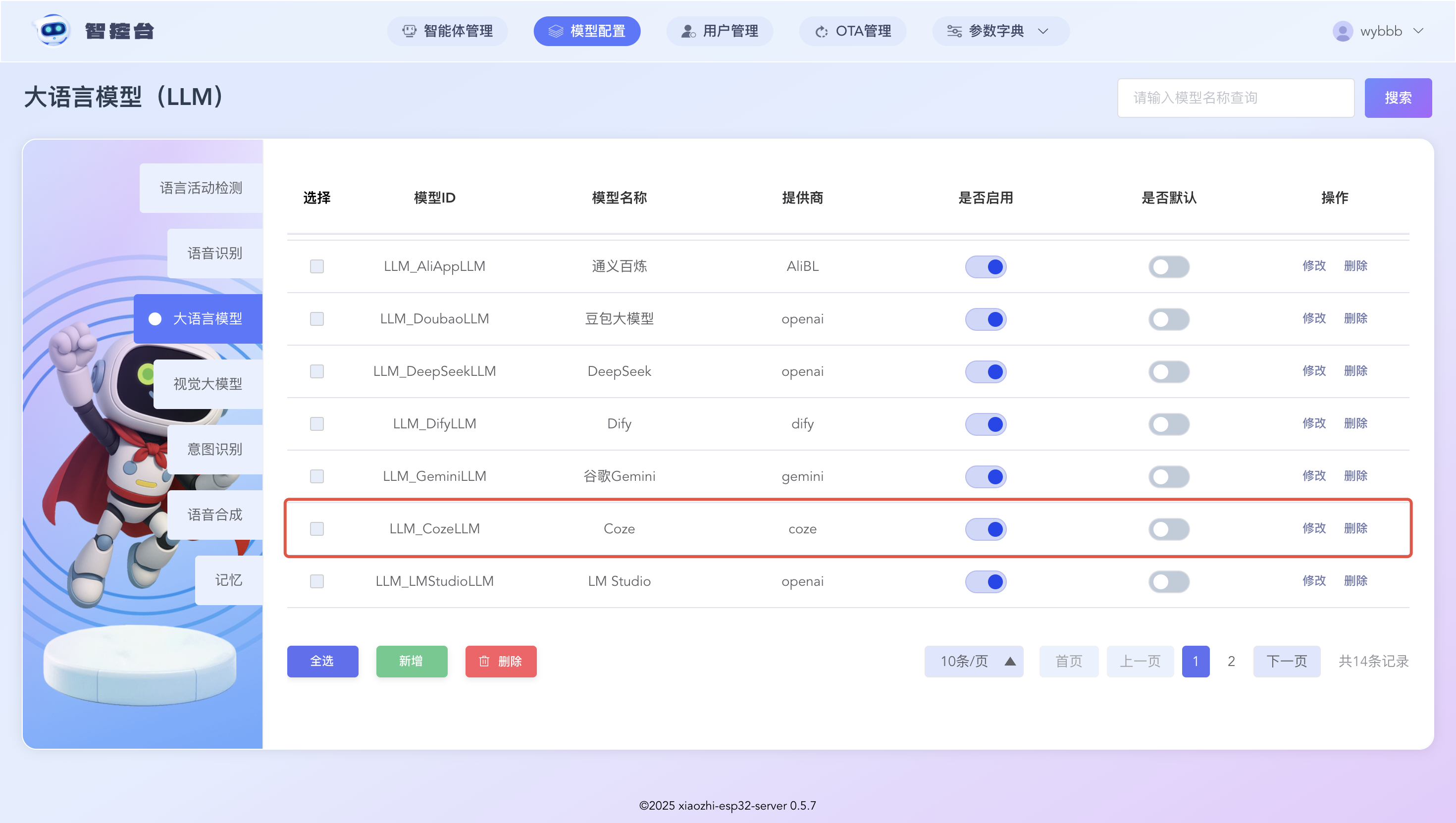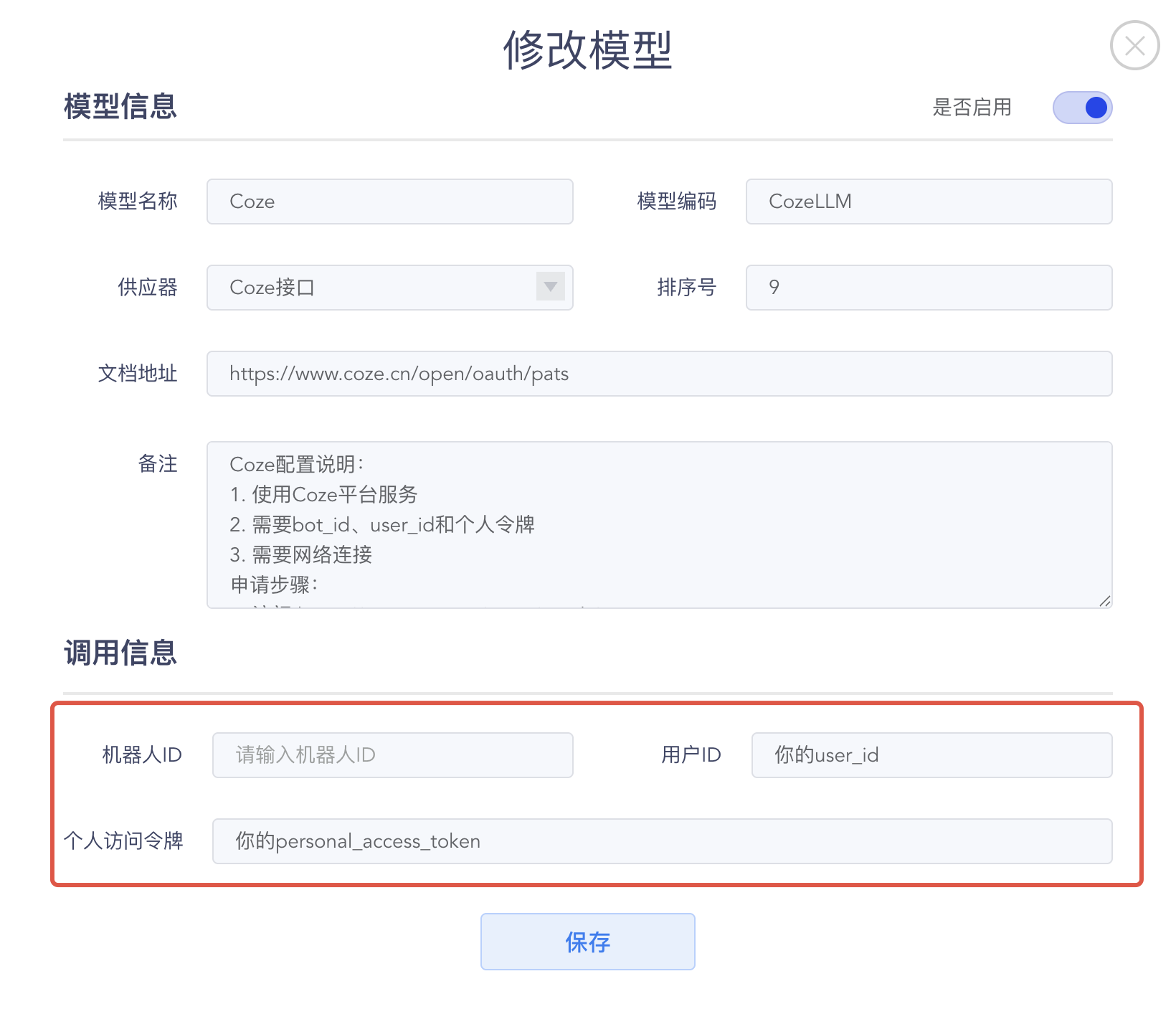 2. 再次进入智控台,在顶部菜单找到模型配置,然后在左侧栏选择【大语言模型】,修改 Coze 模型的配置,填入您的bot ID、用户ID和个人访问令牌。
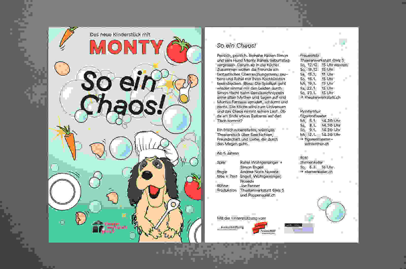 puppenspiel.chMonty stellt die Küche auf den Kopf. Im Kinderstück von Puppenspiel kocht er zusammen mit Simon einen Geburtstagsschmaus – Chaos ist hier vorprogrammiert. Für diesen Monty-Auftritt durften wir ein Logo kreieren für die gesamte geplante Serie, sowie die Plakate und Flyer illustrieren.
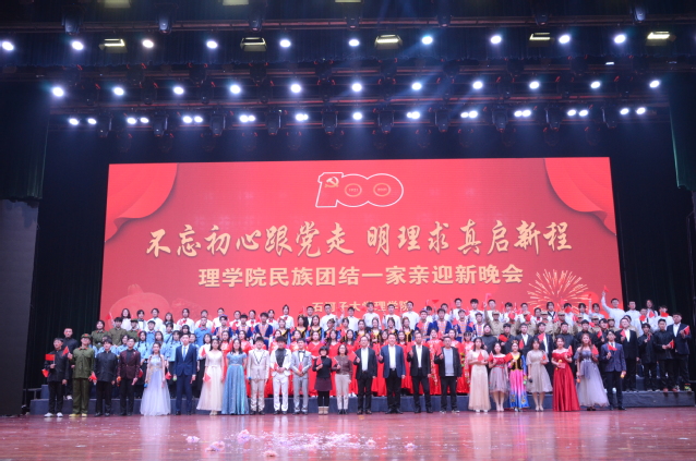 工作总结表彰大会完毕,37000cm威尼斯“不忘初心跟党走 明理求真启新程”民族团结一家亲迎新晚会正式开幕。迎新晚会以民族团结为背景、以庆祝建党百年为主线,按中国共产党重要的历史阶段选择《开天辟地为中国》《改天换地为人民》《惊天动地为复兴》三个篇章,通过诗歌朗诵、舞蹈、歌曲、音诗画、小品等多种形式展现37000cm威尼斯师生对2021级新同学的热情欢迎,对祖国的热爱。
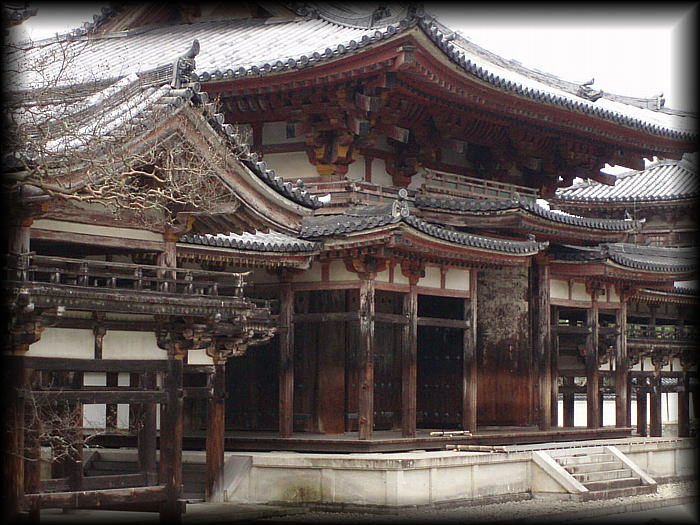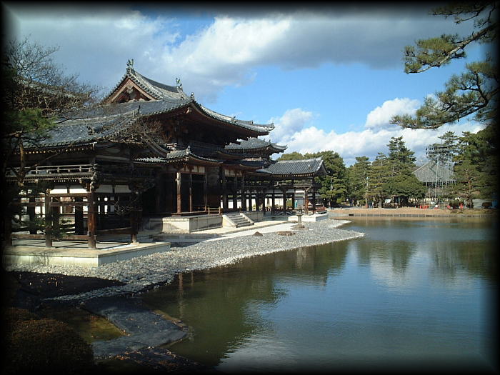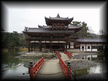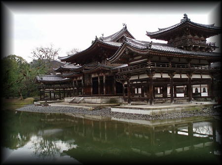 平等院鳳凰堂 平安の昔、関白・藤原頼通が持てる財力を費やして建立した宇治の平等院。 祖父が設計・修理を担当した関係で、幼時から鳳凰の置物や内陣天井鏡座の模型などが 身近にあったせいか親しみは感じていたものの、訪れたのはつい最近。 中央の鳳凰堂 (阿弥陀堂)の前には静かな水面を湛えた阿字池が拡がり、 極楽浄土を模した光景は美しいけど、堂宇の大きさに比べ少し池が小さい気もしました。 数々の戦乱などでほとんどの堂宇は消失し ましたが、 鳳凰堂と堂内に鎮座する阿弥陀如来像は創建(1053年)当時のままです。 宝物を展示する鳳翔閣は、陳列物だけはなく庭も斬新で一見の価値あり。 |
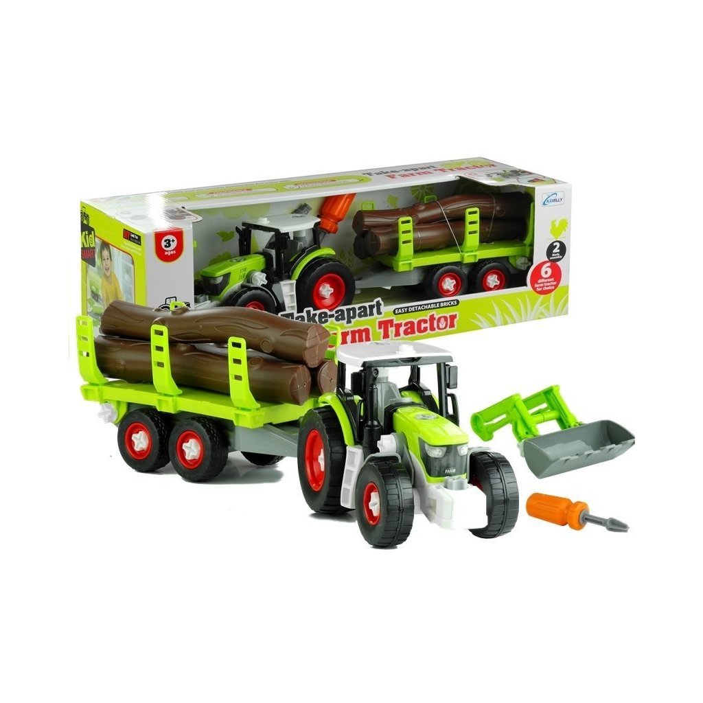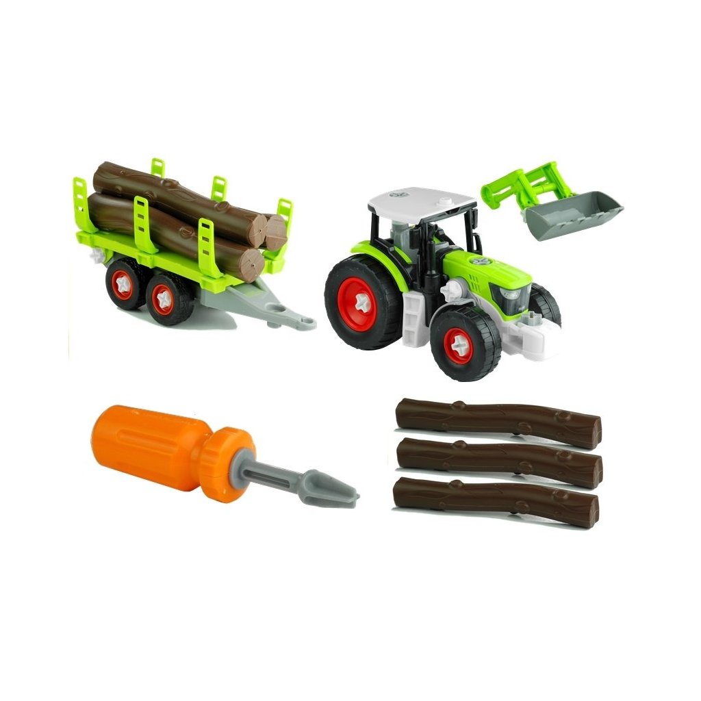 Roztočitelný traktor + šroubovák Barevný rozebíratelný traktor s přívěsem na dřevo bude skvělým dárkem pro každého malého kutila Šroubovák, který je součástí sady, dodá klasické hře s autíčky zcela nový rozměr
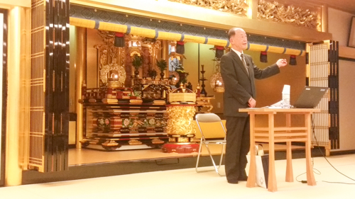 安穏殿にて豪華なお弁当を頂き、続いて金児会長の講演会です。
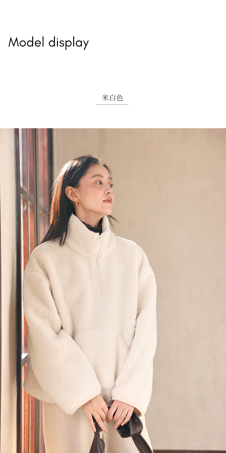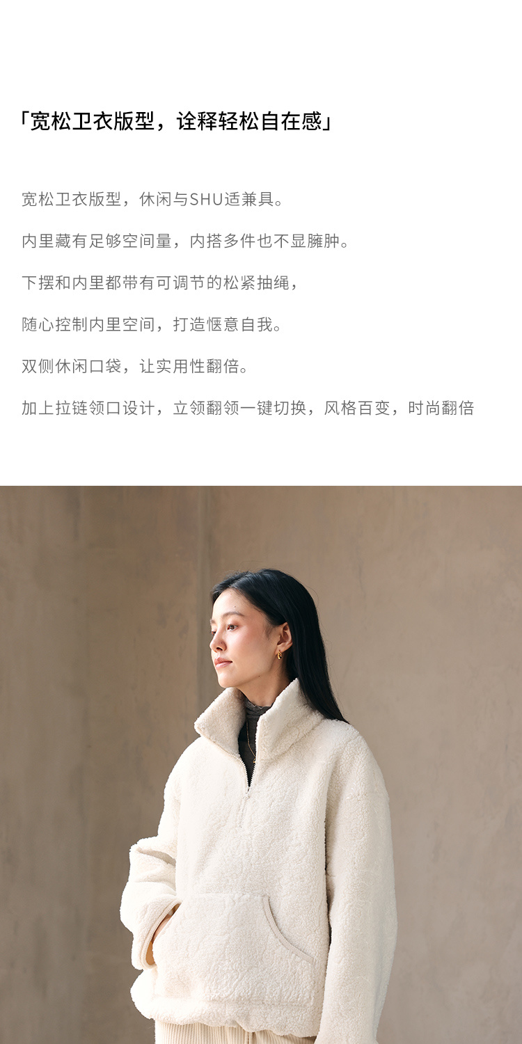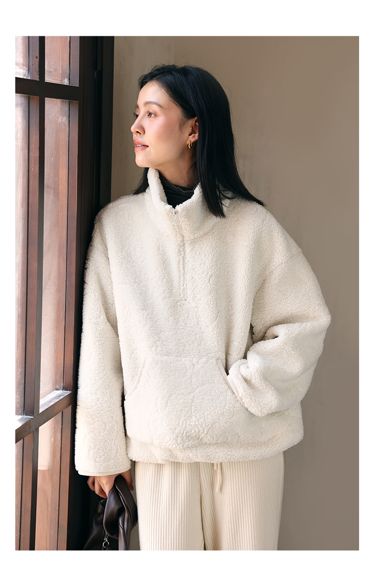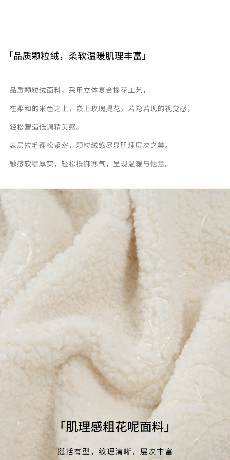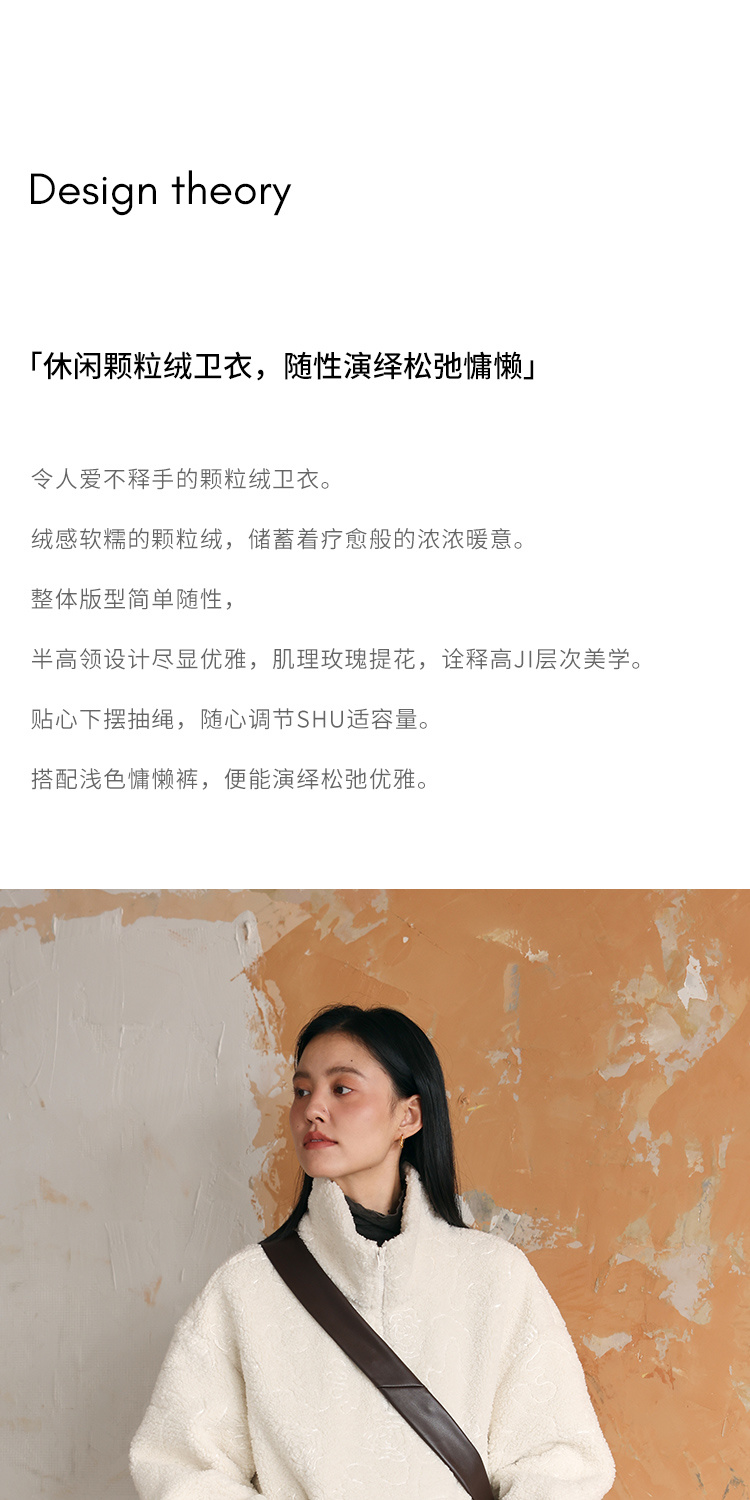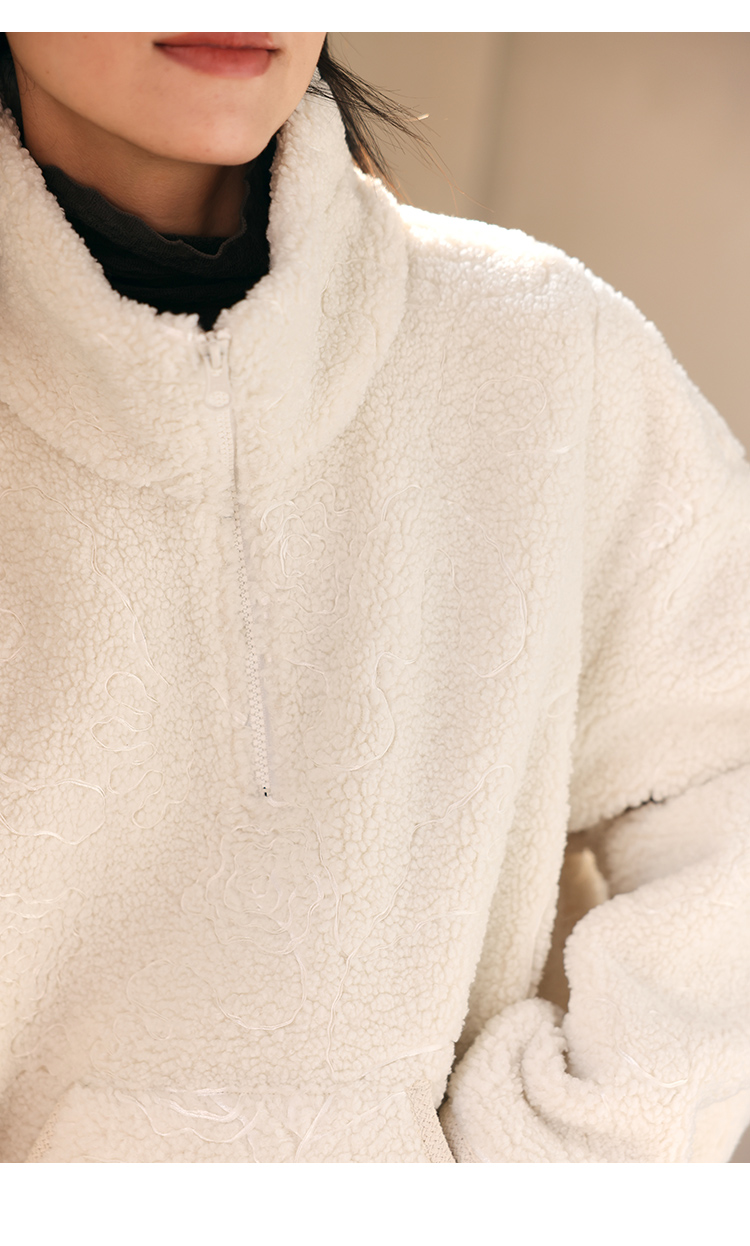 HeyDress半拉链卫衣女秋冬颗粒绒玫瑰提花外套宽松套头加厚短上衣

TASK STATEMENT — Output all of the data word for word, excluding any pictures.

WRITTEN RESPONSE —
 2. 再次进入智控台,在顶部菜单找到模型配置,然后在左侧栏选择【大语言模型】,修改 Coze 模型的配置,填入您的bot ID、用户ID和个人访问令牌。
 puppenspiel.chMonty stellt die Küche auf den Kopf. Im Kinderstück von Puppenspiel kocht er zusammen mit Simon einen Geburtstagsschmaus – Chaos ist hier vorprogrammiert. Für diesen Monty-Auftritt durften wir ein Logo kreieren für die gesamte geplante Serie, sowie die Plakate und Flyer illustrieren.
 工作总结表彰大会完毕,37000cm威尼斯“不忘初心跟党走 明理求真启新程”民族团结一家亲迎新晚会正式开幕。迎新晚会以民族团结为背景、以庆祝建党百年为主线,按中国共产党重要的历史阶段选择《开天辟地为中国》《改天换地为人民》《惊天动地为复兴》三个篇章,通过诗歌朗诵、舞蹈、歌曲、音诗画、小品等多种形式展现37000cm威尼斯师生对2021级新同学的热情欢迎,对祖国的热爱。
 平等院鳳凰堂 平安の昔、関白・藤原頼通が持てる財力を費やして建立した宇治の平等院。 祖父が設計・修理を担当した関係で、幼時から鳳凰の置物や内陣天井鏡座の模型などが 身近にあったせいか親しみは感じていたものの、訪れたのはつい最近。 中央の鳳凰堂 (阿弥陀堂)の前には静かな水面を湛えた阿字池が拡がり、 極楽浄土を模した光景は美しいけど、堂宇の大きさに比べ少し池が小さい気もしました。 数々の戦乱などでほとんどの堂宇は消失し ましたが、 鳳凰堂と堂内に鎮座する阿弥陀如来像は創建(1053年)当時のままです。 宝物を展示する鳳翔閣は、陳列物だけはなく庭も斬新で一見の価値あり。 |
 Roztočitelný traktor + šroubovák Barevný rozebíratelný traktor s přívěsem na dřevo bude skvělým dárkem pro každého malého kutila Šroubovák, který je součástí sady, dodá klasické hře s autíčky zcela nový rozměr
 安穏殿にて豪華なお弁当を頂き、続いて金児会長の講演会です。
 HeyDress半拉链卫衣女秋冬颗粒绒玫瑰提花外套宽松套头加厚短上衣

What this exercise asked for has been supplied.